Reporter : Lutfi Aziz | Editor : Buniyamin
BONTANG – Fenomena penjualan minuman keras (miras) di Tempat Hiburan Malam (THM) Kota Bontang menimbulkan dilema klasik, yakni antara menaati aturan hukum dan kebutuhan ekonomi masyarakat.
Meski Peraturan Daerah (Perda) Nomor 27 Tahun 2002 tegas mengatur bahwa izin penjualan miras hanya diperuntukkan bagi hotel berbintang, tapi praktik di lapangan menunjukkan banyak THM yang tetap menjual secara ilegal.
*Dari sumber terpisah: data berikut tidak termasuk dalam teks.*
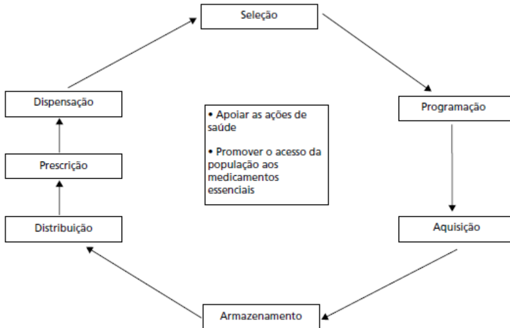
Figura 1: Ciclo da Assistência Farmacêutica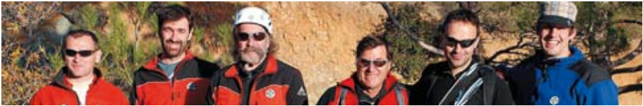
Internationale Kooperationen: Ausbildungsteam des ÖBRD für alpinistische Einsatzkräfte auf Zypern.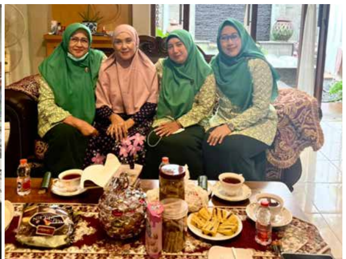
Mengunjungi teman sejawat IIDI yang terdampak banjir di Kabupaten Sukoharjo (Foto kanan atas)

Pejabat Fungsional Penata Perizinan Ahli Muda DPMPTSP Bontang, Idrus menegaskan pihaknya tidak pernah mengeluarkan izin penjualan miras untuk THM.
Menurutnya, izin yang dikantongi pelaku usaha hanyalah Nomor Induk Berusaha (NIB) atau izin usaha secara umum. “Seluruh THM pasti punya izin usaha. Tapi untuk miras, aturan jelas menyebut hanya hotel berbintang yang bisa mendapatkannya,” ujar Idrus, Selasa (9/9/2025).
Kepala Badan Pendapatan Daerah (Bapenda) Kota Bontang, Syahruddin menambahkan hanya melakukan penarikan pajak berdasarkan data dari DPM PTSP.
"Selama ini, Bapenda tidak pernah melakukan penarikan pajak untuk penjualan miras di Kota Bontang, kecuali Hotel Bintang Sintuk yang memang telah sah memiliki izin secara resmi," tegasnya.
Namun fakta di lapangan yang ditemui wartawan Pusaranmedia.com menunjukkan, ada puluhan THM di Bontang yang melanggar aturan dengan tetap menyediakan miras kepada pengunjung. Ironisnya, kondisi ini terkesan dibiarkan tanpa penindakan tegas dari Pemkot Bontang.
Wali Kota Bontang, Neni Moerniaeni memberikan pernyataan terkait fenomena tersebut. Baginya, penjualan miras di luar izin sah masih bisa dimaklumi dengan alasan ekonomi. “Namanya juga sama-sama cari uang,” ucapnya singkat.
Sebagian pihak menganggap fenomena ini melanggar perda, sementara di sisi lain menjadi sumber penghidupan bagi banyak warga.